See this letter from FRA:

http://www.subchat.com/read.asp?Id=1262259

Needs no further explanation....


----------



## Ryan (Dec 4, 2013)

Well now, how about that.

I've rehosted the letter:


----------



## afigg (Dec 4, 2013)

jis said:


> See this letter from FRA:


Not the sort of letter you see very often from a federal regulator to one of the agencies or companies they oversee. Putting the MTA and MNRR on notice.


----------



## NW cannonball (Dec 4, 2013)

afigg said:


> jis said:
> 
> 
> > See this letter from FRA:
> ...


Putting the MTA and MNRR on notice - heh -

And -- diverting blame from the FRA - an admittedly underfunded and toothless regulator.

Don't buy the *expense* excuse - for either FRA or MNNR - please think, please.

What would it cost to have a second well-paid person calling signals - $100/hr? Divide by the number of passengers - that would be about a dime per trip per passenger - very roughly.

Installing "PTC" or "ATC" or "ASES" might cost hundreds of millions - oh my. But divide by the number of passengers and the years of benefit -- dirt cheap. Basically zero up to a dime per passenger.

The technology is mostly "off the shelf". Integrating with ancient infrastructure raises the cost.

I'll be happy to see our infrastructure upgraded to 20th Century standards. May not happen until 22d Century.


----------



## Ryan (Dec 4, 2013)

In the long run (which is what we should be considering), people are expensive and fallible. Automated systems are much better and don't require health care and pensions.


----------



## NW cannonball (Dec 4, 2013)

RyanS said:


> In the long run (which is what we should be considering), people are expensive and fallible. Automated systems are much better and don't require health care and pensions.

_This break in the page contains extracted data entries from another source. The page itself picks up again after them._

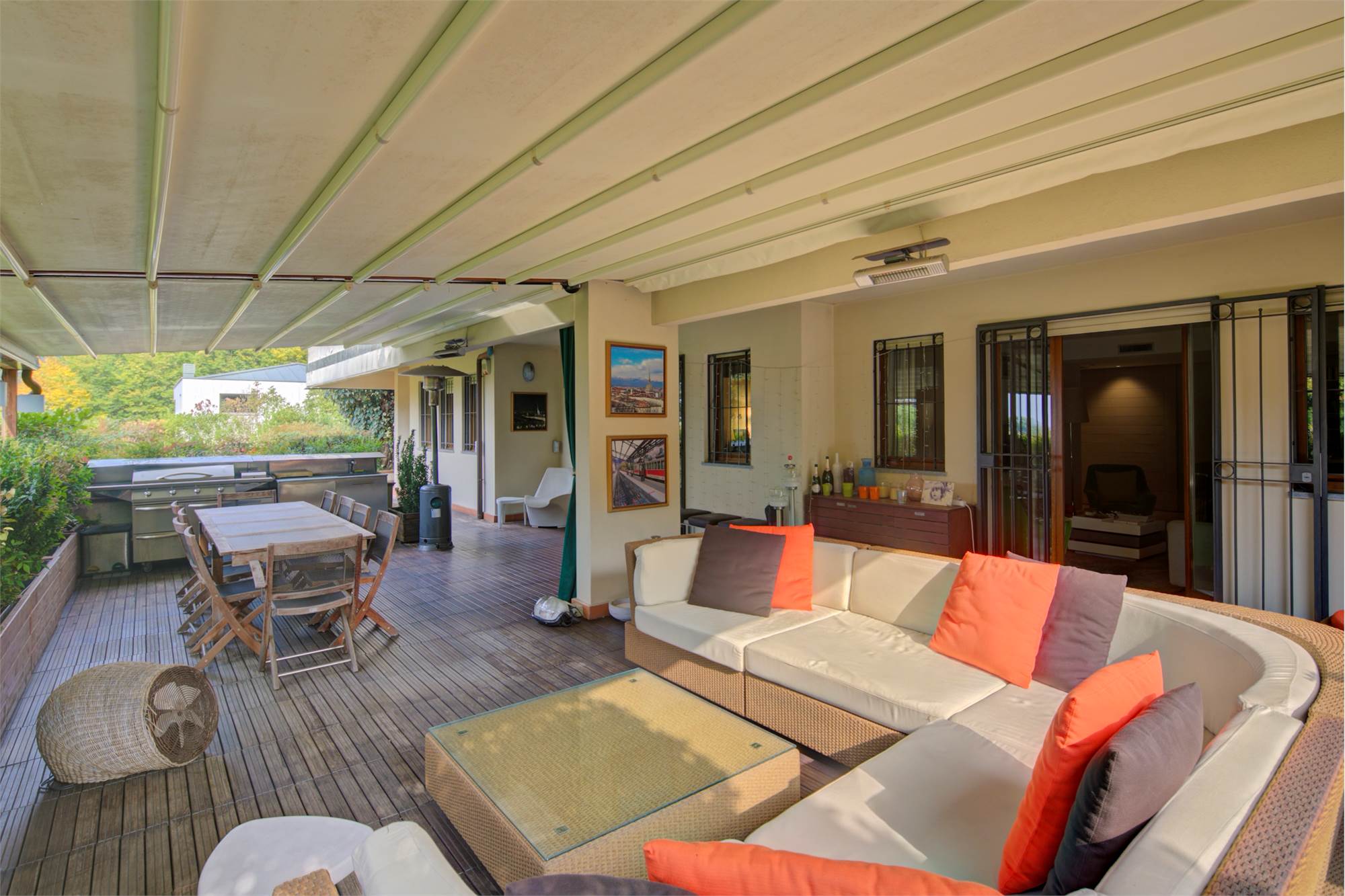 Ampio soggiorno con accesso diretto al terrazzo panoramico dotato di pergolato mobile, salotto esterno, barbecue, zona relax e zona pranzo
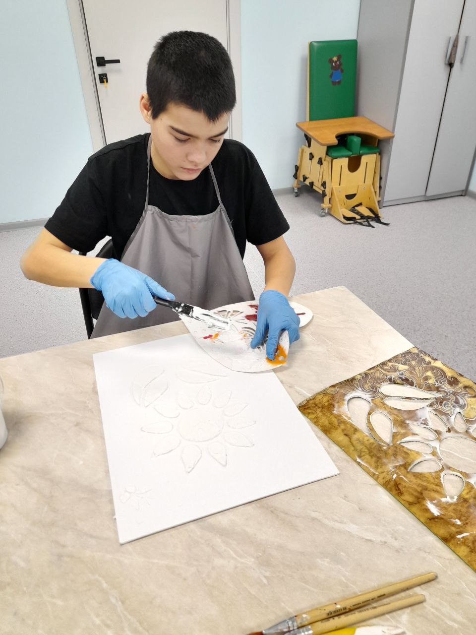 «Техника подходит и для детей в спектре, если при этом они не испытывают неприятных ощущений, — рассказывает инициатор нововведения Елена Анатольевна. — Наша задача — обогащение сенсорного опыта ребенка. Можно работать с пастой даже пальчиками, экспериментировать с поталью, делать акцент в большей мере на абстракцию и минимализм. Можно вообще просто отпечаток ладони сделать».
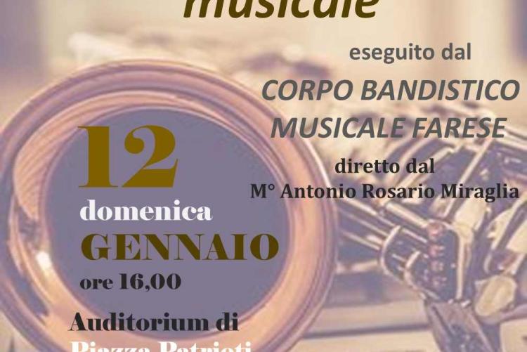 L'Amministrazione Comunale è lieta di presentare il concerto Ouverture musicale 2025, eseguito dal Corpo Bandistico Musicale farese, che avrà luogo domenica 12 gennaio alle ore 16.00 presso l'Auditorium di Piazza Patrioti.
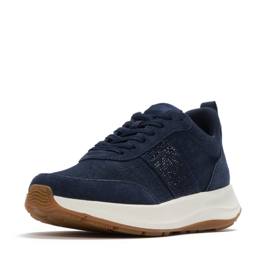 The effortless styling of go-to denim makes its way to your footwear. Two staples of your casualwear wardrobe collide to create our denim F-Mode trainers. They have a classic, easy-to-pull-on silhouette that's detailed with tonal, tactile suede panels and sparkling crystal embellishments studded along the sides. Built on our signature Microwobbleboard™ midsoles, these everyday trainers deliver triple-density cushioning that works in harmony with your natural gait: firm at the heel for impact absorption, soft through the middle for maximum comfort, and medium-density at the toes to push you forward. The result? Footwear that helps to optimise your everyday movement – while keeping you effortlessly on-trend.
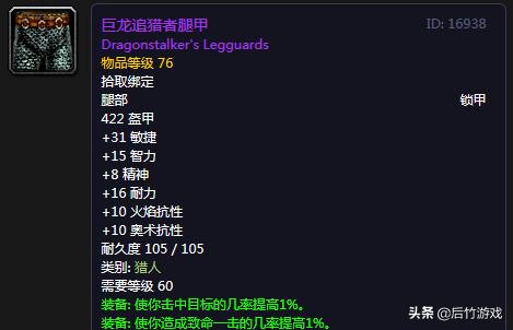 猎人不缺命中,要强补命中,也有废墟的职业披风“隐秘通途披风”,敏捷还高1点,声望到崇敬可换,用不着和战士、盗贼抢它。
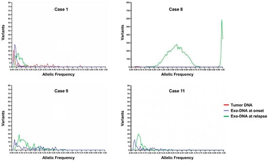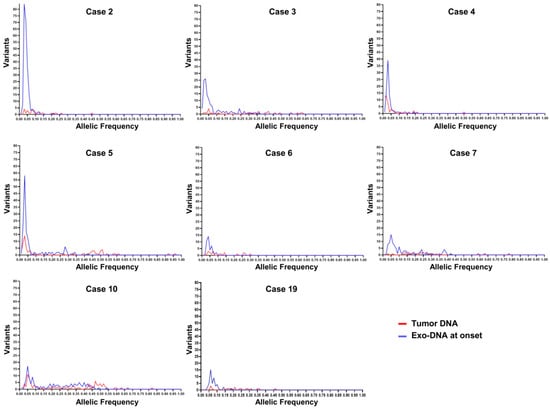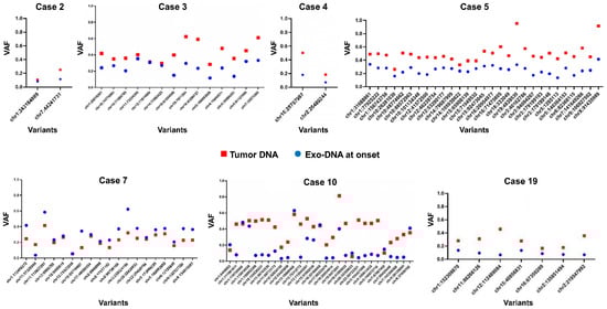 To investigate if the dsDNA extracted from NB cell-derived exosomes reflected the mutational status of their parental tumor cells, we performed further analysis on the somatic SNVs found in common between different DNA specimens of the same case, evaluating their allelic frequency. Considering the NB cases with available tumor DNA and exo-DNA at onset, we observed that SNVs frequency in the exo-DNA at onset was generally lower than in tumor DNA, probably indicating less tumor content in exo-DNA (Figure 6).
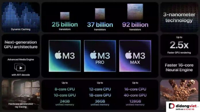 Cùng Di Động Việt tìm hiểu chip Apple M3, M3 Pro, M3 Max – Tiến trình 3nm, GPU nhanh hơn, mạnh hơn

In the long run - yeah - you and me are expensive and fallible. Automated systems are designed, built, and implemented by - hehe - expensive, fallible humans. Expensive fallible humans pay the fare. Sometimes, expensive fallible systems built by expensive fallible humans -- fail. Not all that simple.


----------



## jis (Dec 4, 2013)

Bu they at least don't fall asleep  unless provided by Micro$oft of course. Then all bets are off


----------



## Nathanael (Dec 5, 2013)

If you get the right designer, you can design an automated system which is very reliable. Expensive, and falliable, but with the right designer, not very falliable, and you only pay the cost once...

On the other hand, if you do a half-assed job on the design... :eyeroll:


----------